His other works include Ghaffar Khan: Nonviolent Badshah of the Pakhtuns (Penguin 2004); Revenge & Reconciliation: Understanding South Asian History (Penguin, 1999); Patel: A Life, a Biography of Vallabhbhai Patel (1875–1950), Deputy Prime Minister of India, 1947-50 (Navajivan, Ahmedabad, 1990); and Eight Lives: A Study of the Hindu-Muslim Encounter (SUNY, 1987). One of his earlier books, The Good Boatman: A Portrait of Gandhi, was published in 2009 in a Chinese translation in Beijing. Most recently, Gandhi has published a book titled, Punjab (Aleph Book Company 2013), which is a historical account of undivided Punjab, from the death of Aurangzeb to the Partition.

Before teaching at the University of Illinois, he served as a research professor with the New Delhi think-tank, Centre for Policy Research. From 1985 to 1987, he edited the daily Indian Express in Madras (now Chennai). In 2004 he received the International Humanitarian Award (Human Rights) from the city of Champaign, Illinois, and in 1997, he was awarded an honorary doctorate of law from the University of Calgary, and an honorary doctorate of philosophy from Obirin University, Tokyo. He currently serves as a Jury Member for the Nuremberg International Human Rights Award and co-chair of the Centre for Dialogue & Reconciliation in Gurgaon. In 2019 he was a contributor to A New Divan: A Lyrical Dialogue Between East and West (Gingko Library).

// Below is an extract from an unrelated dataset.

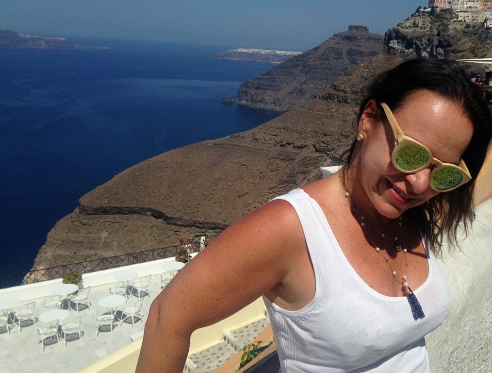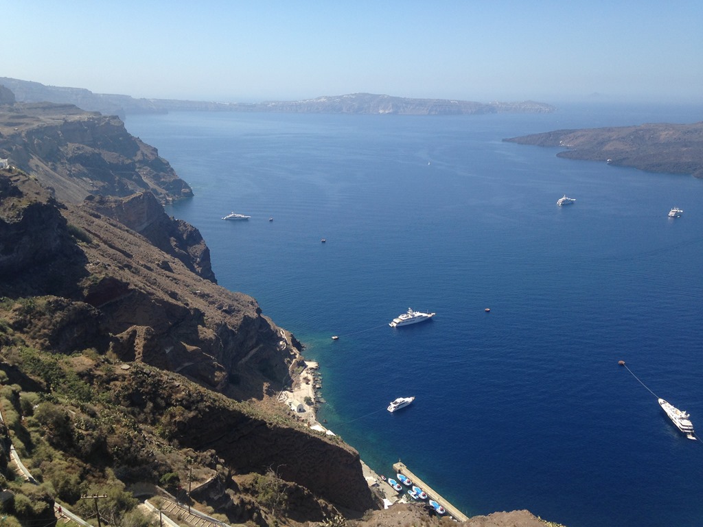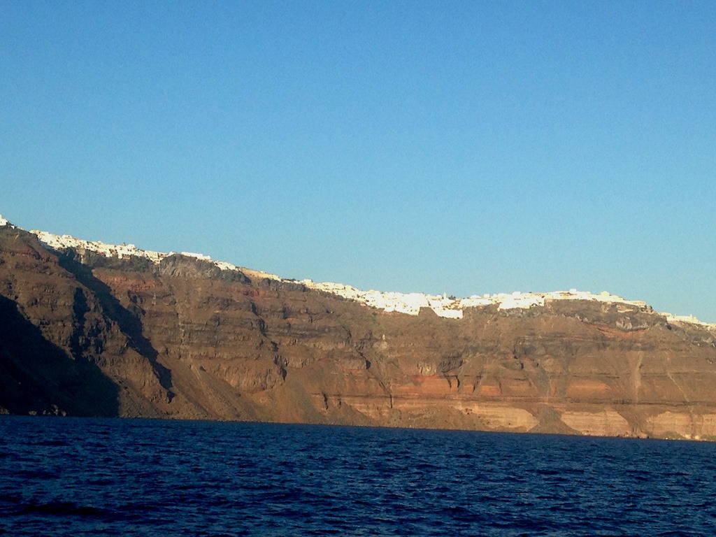 A Ilha de Santorini pertence ao arquipélago das Ilhas Cíclades (Cyclades) no mar Egeu a 200Km de Atenas. Fomos de ferry por opção.A ilha nada mais é que um dos cantos de um vulcão (ainda ativo) que teve sua maior e mais famosa erupção por volta de 1680 a.C.Essa erupção fez com que a ilha assumisse sua forma atual,e criou no meio dela, uma lagoa de água salgada. Dizem que essa erupção inspirou a lenda de Atlântida. E as catástrofes desencadeadas por sua erupção explicam também o tema bíblico das pragas do Egito. No cume do penhasco que beira a cratera foram erguidas as casinhas brancas, debruçadas sobre o mar e enfileiradas em vielas estreitas.

In 2018, he opposed the partition of the British India at the Oxford Union and said, “To welcome Partition is to imply that people with different backgrounds and different blood-lines cannot live together in one nation. A regressive suggestion.” He opined that "The corollary that those possessing a common religion or common race enjoy blissful companionship in their homes, nations or regions is, well, hilarious." He holds that "tyranny was multiplied by partition". Gandhi further believes that "India belongs to all who live in it."

=== Politics ===
In 1989, Gandhi unsuccessfully contested the Lok Sabha election from Janata Dal against Rajiv Gandhi in Amethi. He served (1990–92) in the Rajya Sabha (the upper house of the Indian Parliament) and led the Indian delegation to the UN Human Rights Commission in Geneva in 1990. In the Indian Parliament he was the convener of the all-party joint committee of both houses addressing the condition of Scheduled Castes and Scheduled Tribes.

On 21 February 2014, he joined the Aam Aadmi Party. He contested the 2014 general election from the East Delhi constituency and lost.

==Personal life==
Rajmohan Gandhi is married to Usha. They have two children.